Nevertheless, the debate continues over how to maintain these lower crime rates while addressing issues of fairness in the way communities are policed, as well as how to effectively and fairly use risk-assessment tools that can be relied upon by sentencing courts or parole boards.

There are two primary issues at stake: risk-assessment algorithms, which weigh a variety of factors related to recidivism, or the likelihood an individual will commit another crime and wind up back behind bars; and predictive policing, which has been described as using data analytics and algorithms to better pinpoint where and when a crime might occur, so police resources can be more efficiently deployed. Both issues are fraught with challenges—moral, logistical, and political—and opinions on whether they can be fairly and ethically utilized largely depend on how one views the nature of policing and the criminal justice system.

There is no debate that both of these types of technologies are being used on a fairly widespread basis in the U.S. According to a 2013 article published by Sonja B. Starr, a professor of law at the University of Michigan Law School, nearly every state has adopted some type of risk-based assessment tools to aid in sentencing. The primary concern related to these tools revolves around the use of computerized algorithms, which provide risk scores based on the result of questions that are either answered by defendants or pulled from criminal records, and whether such tools may ultimately penalize racial minorities by overpredicting the likelihood of recidivism in these groups.
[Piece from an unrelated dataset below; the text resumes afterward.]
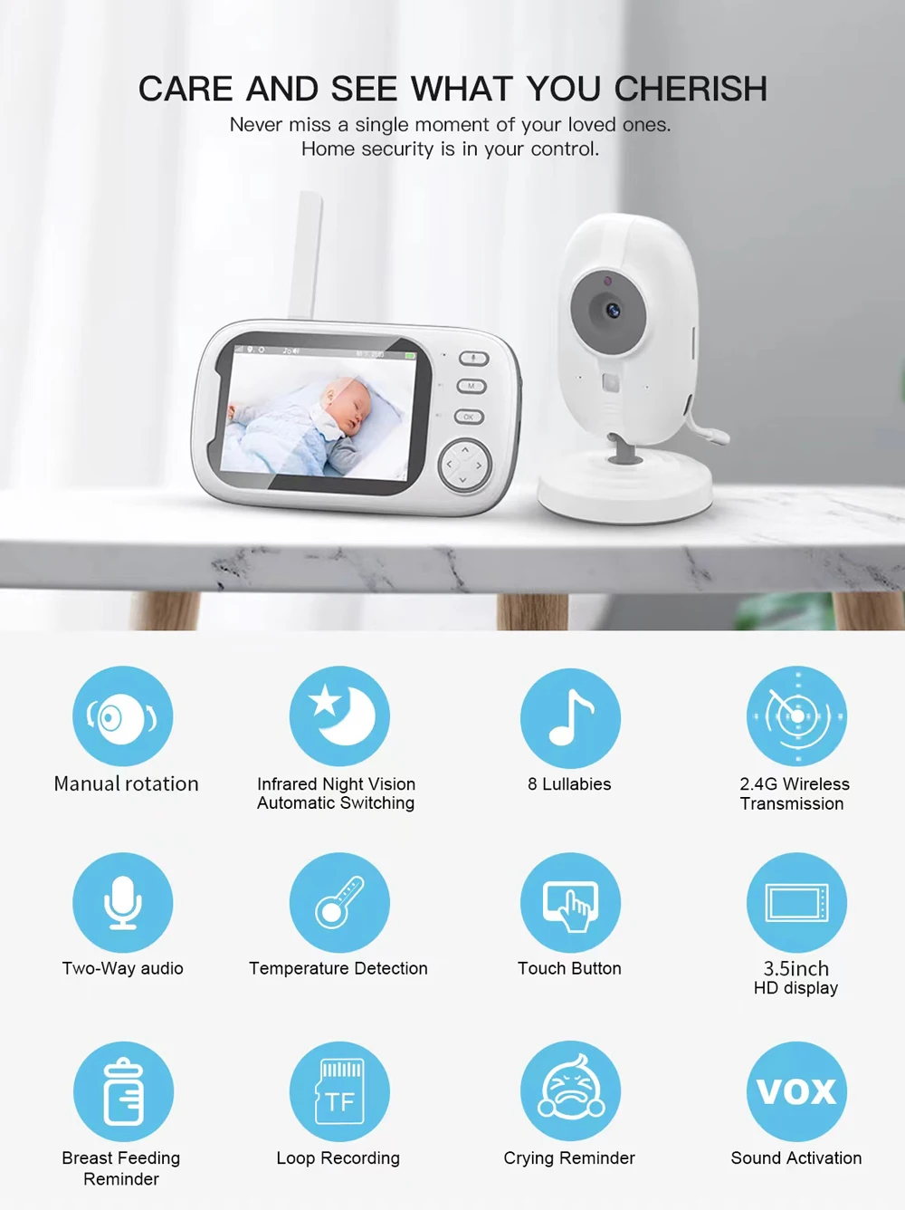 Keep your little one safe and sound with our Wireless Video Baby Monitor! 👶💖 This all-in-one monitoring system is designed to give you peace of mind while staying connected with your baby from anywhere in your home.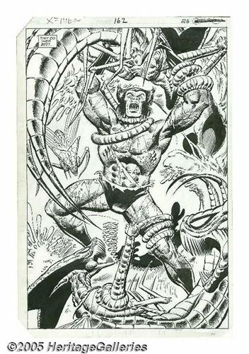 <B>Dave Cockrum and Bob Wiacek - The Uncanny X-Men #162, Splash Page 20 Original Art (Marvel, 1982).</B></I> On the homeworld of the Brood, Wolverine's adamantium skeleton and healing factor keep him going while he trashes a blood-thirsty host of Brood drones, in this venomous splash page by Dave Cockrum. This issue was voted by fans as among the "100 Greatest Marvels of All Time," coming in at #72. Cockrum fills this single panel page to capacity with one of X-fandom's faves taking on a group of malignant monstrosities from Chris Claremont's lethal storyline, "Beyond the Farthest Star." The image area measures 10" x 15", and aside from the trimmed corners (created during the production process), the art is in Excellent condition.

The most widely known of these tools is COMPAS (Correctional Offender Management Profiling for Alternative Sanctions), a software tool owned by Northpointe, Inc., which has been used by a number of jurisdictions, including Broward County, FL, the State of New York, the State of Wisconsin, and the State of California, among others. The tool is seen as a success by many jurisdictions, such as New York State, which issued a 2012 report highlighting the effectiveness of the recidivism scale, noting, “the Recidivism Scale worked effectively and achieved satisfactory predictive accuracy,” with an accuracy rate of 0.71 AUC (area under curve) value (the optimal AUC value is 1.0, which would indicate no false positives/all true positives were identified).

The report noted actual and expected rates for any re-arrest were closely aligned across scores, and that the tool was more effective with higher-risk cases (53.8% re-arrest rate for those deemed high-risk by the tool, versus 16.9% for those deemed low-risk by the tool).

Nevertheless, in recent years, there has been significant criticism from many in academia and a scathing investigative analysis from ProPublica (whose website describes it as “an independent, non-profit newsroom that produces investigative journalism in the public interest”), which charged that the COMPAS algorithm and questions used to inform the algorithm were biased, since they relied on factors that could correlate with race. Critics say factors such as poverty, postal codes, and employment status can be used as proxies for race, as some are more highly correlated with minorities. Despite these limitations, the COMPAS tool survived its first major legal challenge in July 2016, when the Wisconsin Supreme Court ruled that judges can consider such risk scores during sentencing, but warnings must be attached to the scores to flag the tool’s “limitations and cautions.”

Moreover, the court specified that a computerized risk score cannot be the “determinative factor” in deciding whether someone is incarcerated or granted probation, and raised concerns about how many of its risk factors could be correlated with race.

For its part, Northpointe did not respond by press time to queries to address either the impact of the Wisconsin decision or criticism by academic or watchdog groups.

The use of algorithms in law enforcement is not limited to sentencing and parole cases. Many police departments around the country (including those in Seattle, WA, Richmond, VA, and Baltimore County, MD) are taking a more proactive approach to policing using analytics and algorithms, although these tools also are being targeted for incorporating what critics contend are data that has been tainted by years of racially motivated or biased policing strategies.

One such tool being used by a number of police departments is PredPol, developed by mathematicians at the University of California, Los Angeles, and Santa Clara University in close collaboration with crime analysts and patrol officers at the Los Angeles and Santa Cruz police departments. The tool uses three data points to provide predictions on where crime is likely to occur: past type of crime, place of crime, and time of crime. It does not use any personal information about individuals or groups of individuals in its crime predictions.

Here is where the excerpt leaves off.